Title: All Of This Is True
Author: Lygia Day Peñaflor
Publication Date: May 31st 2018
Rating: 🌟 🌟
Miri Tan loved the book Undertow like it was a living being. So when she and her friends went to a book signing to meet the author, Fatima Ro, they concocted a plan to get close to her, even if her friends won’t admit it now. As for Jonah, well—Miri knows none of that was Fatima’s fault.
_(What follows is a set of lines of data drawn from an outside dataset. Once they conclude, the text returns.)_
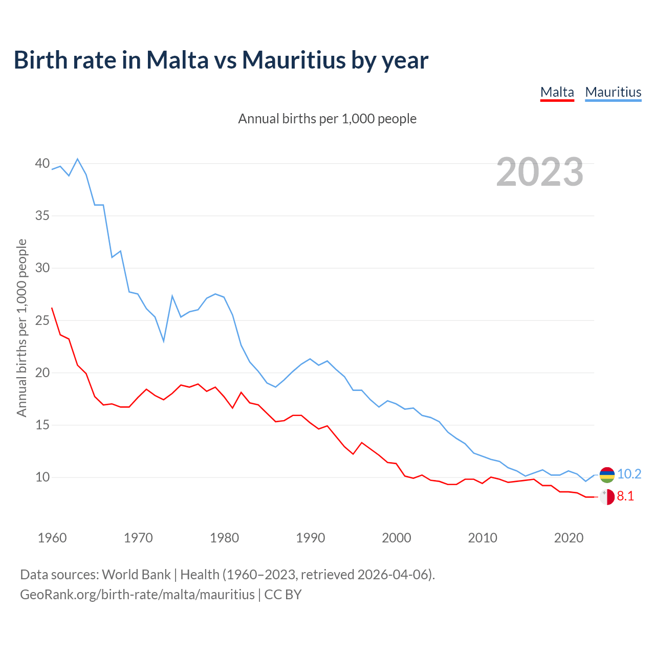 GeoRank.org/birth-rate/malta/mauritius | CC BY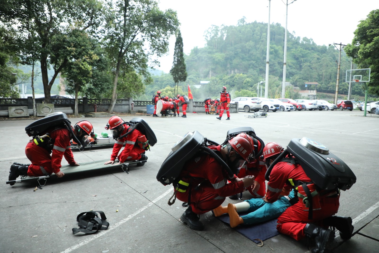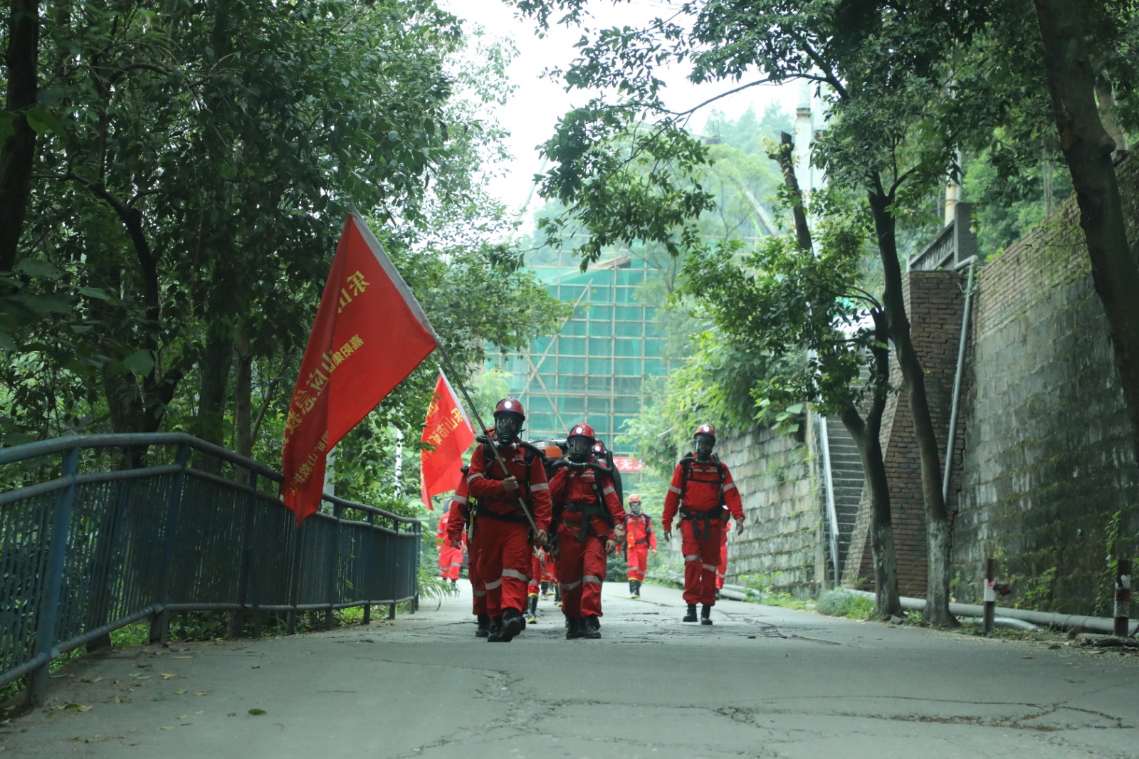 此次演练以复杂条件下的救援演练为主,全程佩带重达13公斤的氧气呼吸器,着重在于培养救援队员的耐氧度和高湿条件下的佩机忍耐力。战前分工、受领任务、集合队伍、整装待发,上午9点30分,万米戴机行走在指挥员响亮的口令中拉开了演练的序幕,佩带齐全装备的队员们向着目的地一路进发,一身国旗红在矿区、在山间路上格外引人注目。互换氧气瓶、伤员急救包扎转运模拟、安设高泡灭火机灭火、高温浓烟,各小队按照任务分工迅速到达指定地点有序展开工作。在两个多小时的训练中,队员们团结协作、密切配合,圆满完成了指定任务。通过联合演练,检验了队员们的身体素质、技战术水平、应急反应能力和团结协作能力,确保队伍战时拉得出、冲得上、打得赢。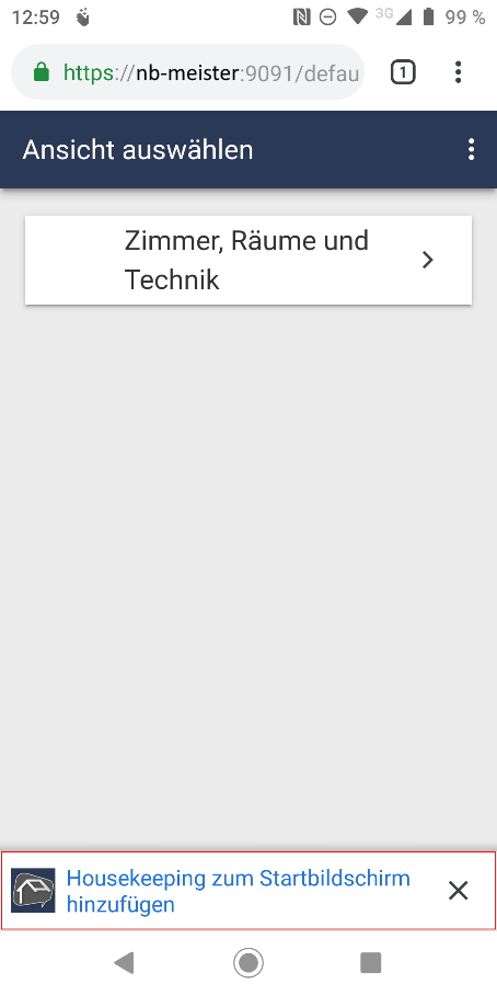 Bitte beachten Sie, dass ein Zugriff über Geräte, auf welchen der HausManager NICHT installiert ist, nur bei vorheriger Installation eines Sicherheitszertifikats möglich ist. Dies gilt sowohl für Smartphones und Tablets, als auch für PCs und Laptops. Das benötigte Zertifikat befindet sich im Installationsverzeichnis des Anwendungsservers und muss auf dem jeweiligen Endgerät installiert werden. Bitte kontaktieren Sie hierzu Ihre EDV-Betreuung. Ohne Installation des Zertifikats ist der Zugriff auf die Clean & Repair-App nicht möglich.

Soleil Johnston wanted to be a writer herself one day. When she and her friends started hanging out with her favorite author, Fatima Ro, she couldn’t believe their luck—especially when Jonah Nicholls started hanging out with them, too. Now, looking back, Soleil can’t believe she let Fatima manipulate her and Jonah like that. She can’t believe that she got used for a book.
Penny Panzarella was more than the materialistic party girl everyone at the Graham School thought she was. She desperately wanted Fatima Ro to see that, and she saw her chance when Fatima asked the girls to be transparent with her. If only she’d known what would happen when Fatima learned Jonah’s secret. If only she’d known that the line between fiction and truth was more complicated than any of them imagined. . . .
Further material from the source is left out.